- [SUPPLIED ENTRIES]
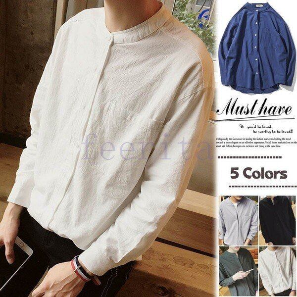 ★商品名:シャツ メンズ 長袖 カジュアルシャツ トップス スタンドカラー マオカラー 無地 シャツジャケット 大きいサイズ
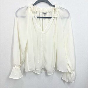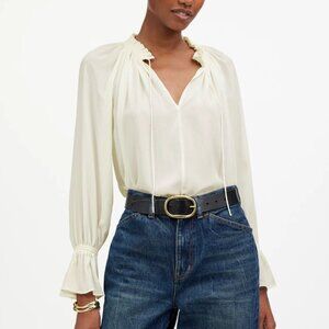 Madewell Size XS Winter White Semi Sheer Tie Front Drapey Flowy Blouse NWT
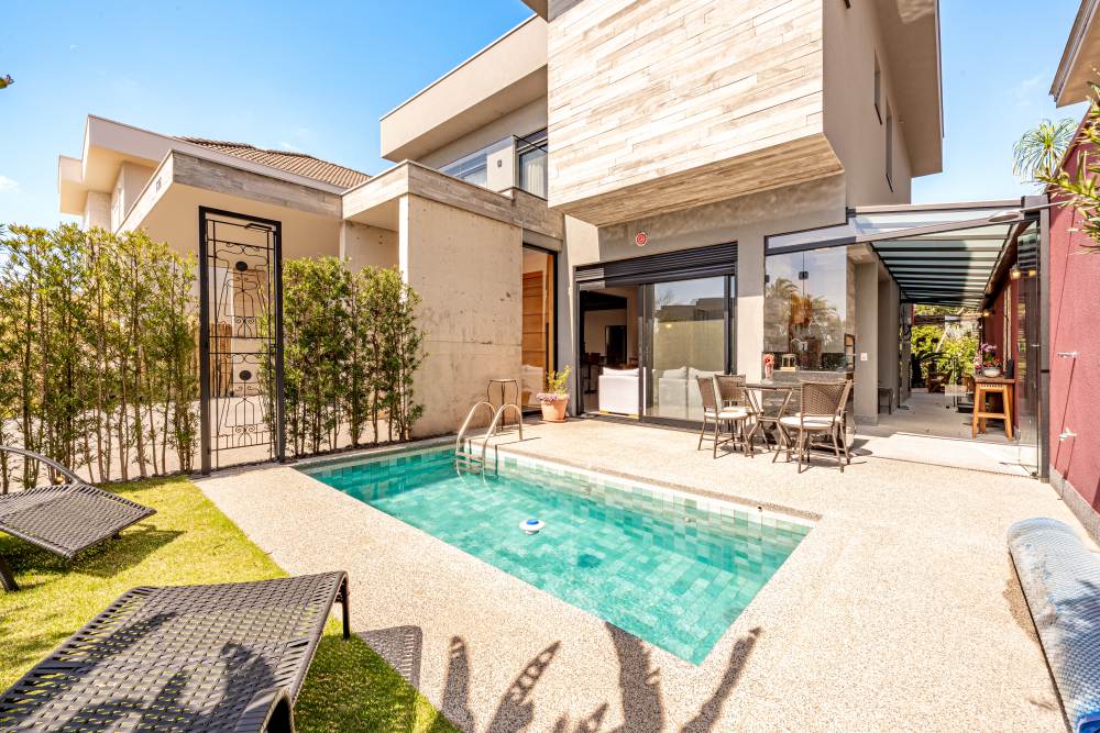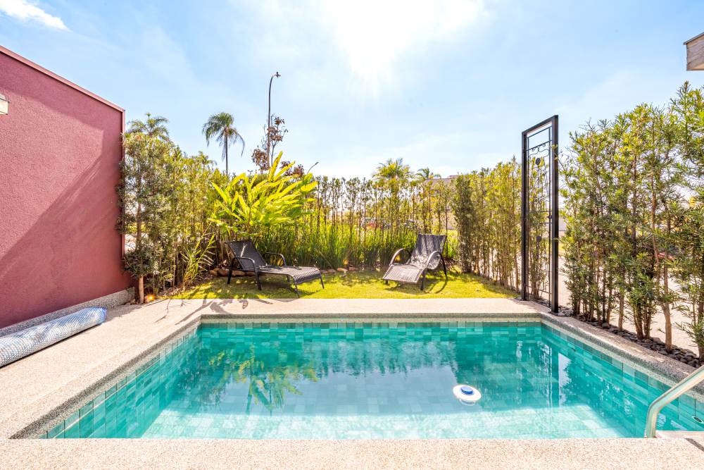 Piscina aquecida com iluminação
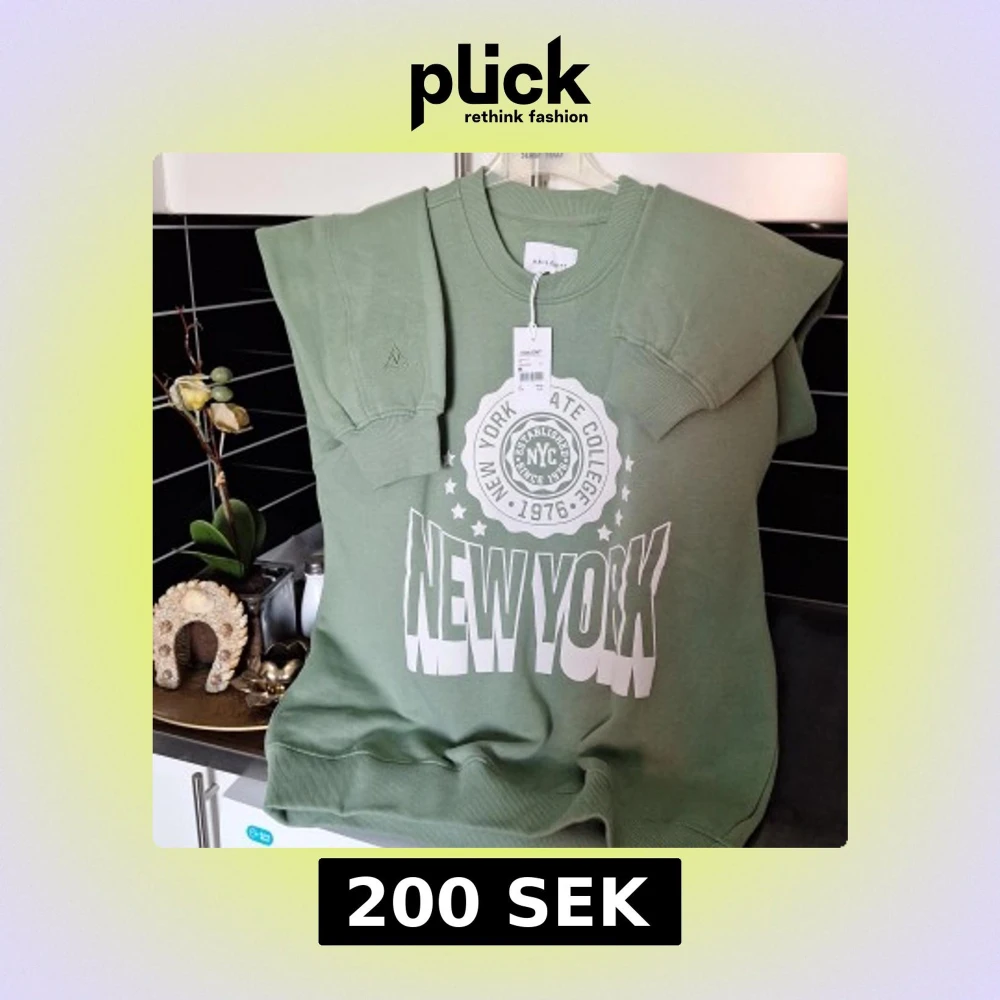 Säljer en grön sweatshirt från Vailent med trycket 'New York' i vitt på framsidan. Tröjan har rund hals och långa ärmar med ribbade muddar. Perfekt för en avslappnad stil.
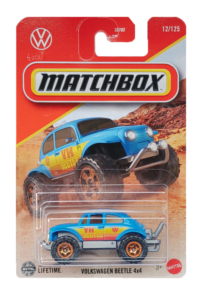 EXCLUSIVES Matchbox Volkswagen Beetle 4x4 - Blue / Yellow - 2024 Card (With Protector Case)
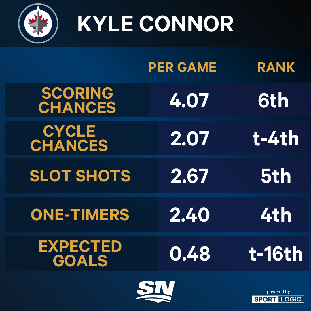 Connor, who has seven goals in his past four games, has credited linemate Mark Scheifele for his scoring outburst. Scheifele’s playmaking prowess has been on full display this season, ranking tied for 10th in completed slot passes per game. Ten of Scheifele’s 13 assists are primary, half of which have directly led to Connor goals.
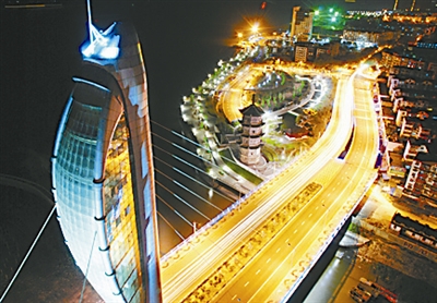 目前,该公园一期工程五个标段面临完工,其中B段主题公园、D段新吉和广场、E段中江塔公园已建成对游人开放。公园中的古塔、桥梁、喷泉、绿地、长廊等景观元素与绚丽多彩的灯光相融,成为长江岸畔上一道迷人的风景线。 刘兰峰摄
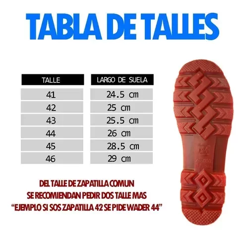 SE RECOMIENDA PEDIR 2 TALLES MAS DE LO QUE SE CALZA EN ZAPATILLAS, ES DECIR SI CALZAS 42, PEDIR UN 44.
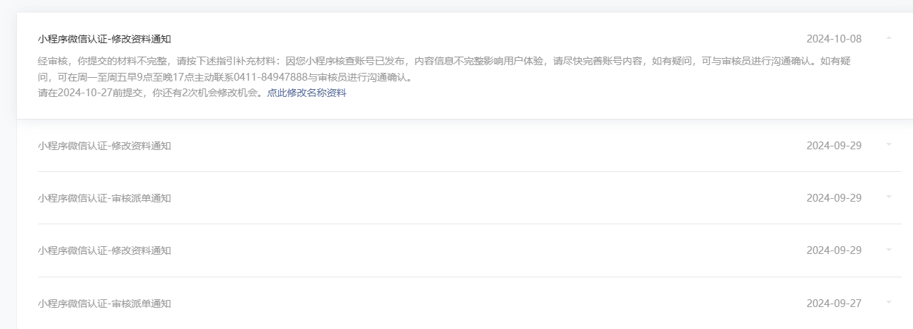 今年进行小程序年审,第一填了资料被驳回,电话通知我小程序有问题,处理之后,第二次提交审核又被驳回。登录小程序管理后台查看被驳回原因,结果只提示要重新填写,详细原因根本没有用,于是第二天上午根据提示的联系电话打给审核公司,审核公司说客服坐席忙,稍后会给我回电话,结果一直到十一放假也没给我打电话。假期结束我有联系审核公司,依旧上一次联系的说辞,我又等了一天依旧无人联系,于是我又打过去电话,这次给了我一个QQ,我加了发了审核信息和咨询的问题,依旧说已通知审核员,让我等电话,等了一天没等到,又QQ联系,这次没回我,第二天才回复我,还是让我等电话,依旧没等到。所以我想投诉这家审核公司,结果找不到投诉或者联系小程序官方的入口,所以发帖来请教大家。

* * *

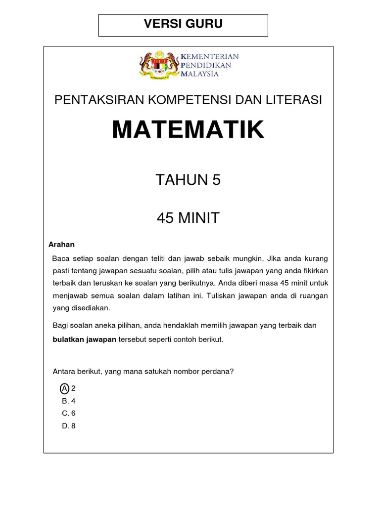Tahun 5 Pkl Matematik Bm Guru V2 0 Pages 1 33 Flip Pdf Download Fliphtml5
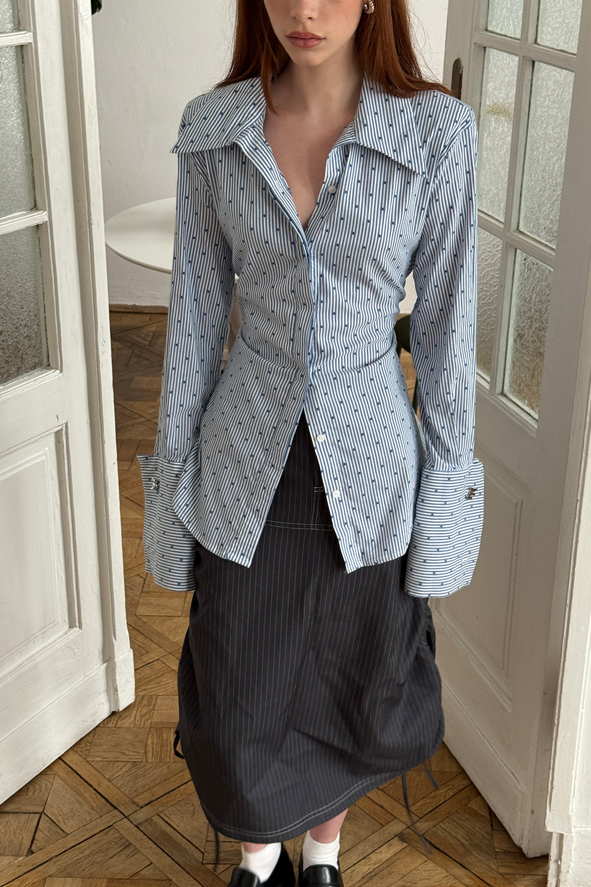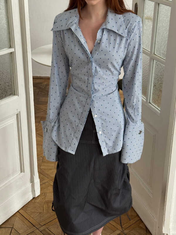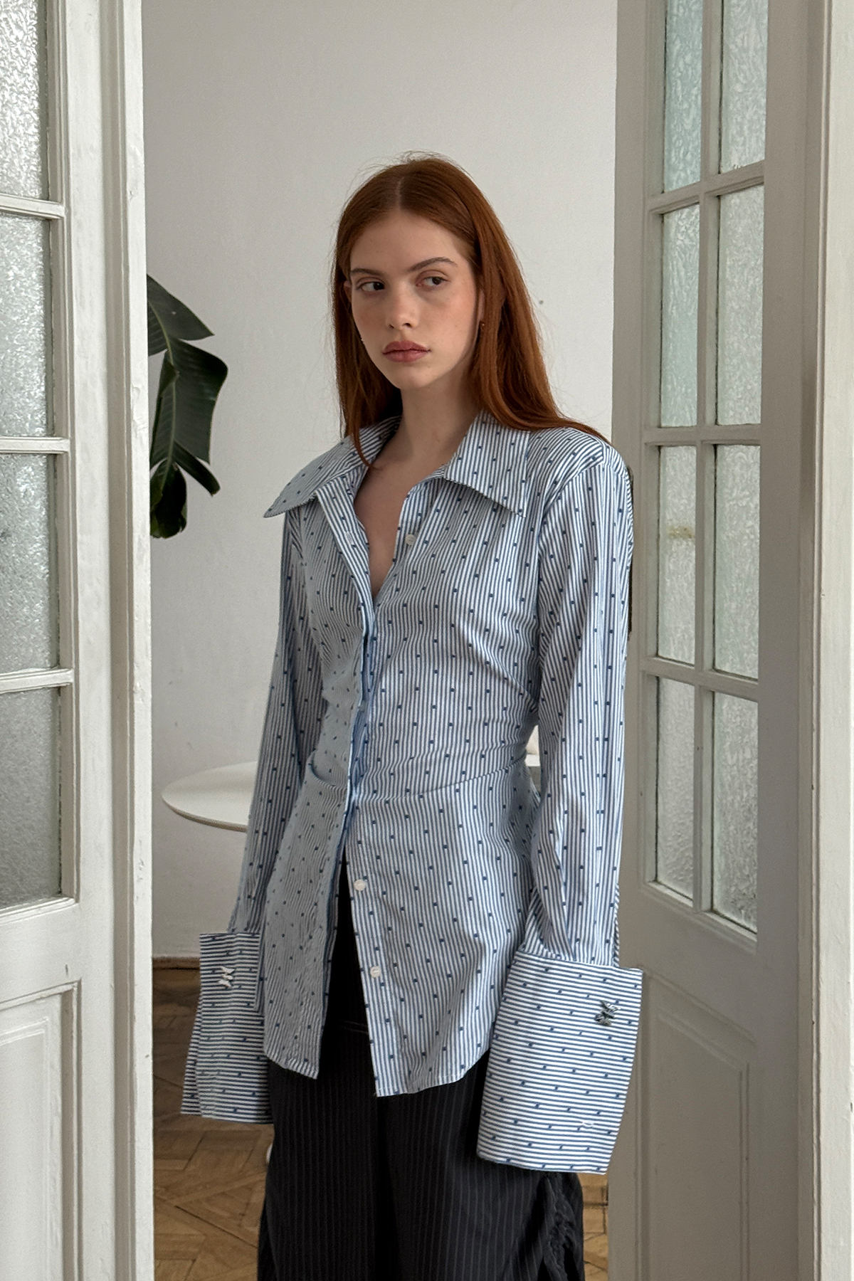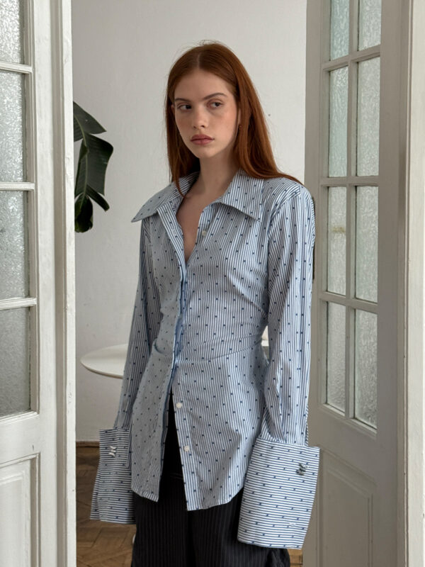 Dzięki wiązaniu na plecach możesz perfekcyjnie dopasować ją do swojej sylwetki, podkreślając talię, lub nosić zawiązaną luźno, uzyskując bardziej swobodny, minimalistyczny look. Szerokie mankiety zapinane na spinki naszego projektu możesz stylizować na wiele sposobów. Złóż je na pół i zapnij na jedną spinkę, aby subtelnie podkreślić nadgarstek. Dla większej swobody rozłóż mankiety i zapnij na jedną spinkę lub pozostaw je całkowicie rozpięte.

- [YOUR OBJECTIVE] Take the material above from the line bearing "Piscina aquecida com iluminação" through the line bearing "SE RECOMIENDA PEDIR" and write it out exactly, both end lines included. Pictures stay out.

- [EXERCISE SOLUTION]
 Piscina aquecida com iluminação
 Säljer en grön sweatshirt från Vailent med trycket 'New York' i vitt på framsidan. Tröjan har rund hals och långa ärmar med ribbade muddar. Perfekt för en avslappnad stil.
 EXCLUSIVES Matchbox Volkswagen Beetle 4x4 - Blue / Yellow - 2024 Card (With Protector Case)
 Connor, who has seven goals in his past four games, has credited linemate Mark Scheifele for his scoring outburst. Scheifele’s playmaking prowess has been on full display this season, ranking tied for 10th in completed slot passes per game. Ten of Scheifele’s 13 assists are primary, half of which have directly led to Connor goals.
 目前,该公园一期工程五个标段面临完工,其中B段主题公园、D段新吉和广场、E段中江塔公园已建成对游人开放。公园中的古塔、桥梁、喷泉、绿地、长廊等景观元素与绚丽多彩的灯光相融,成为长江岸畔上一道迷人的风景线。 刘兰峰摄
 SE RECOMIENDA PEDIR 2 TALLES MAS DE LO QUE SE CALZA EN ZAPATILLAS, ES DECIR SI CALZAS 42, PEDIR UN 44.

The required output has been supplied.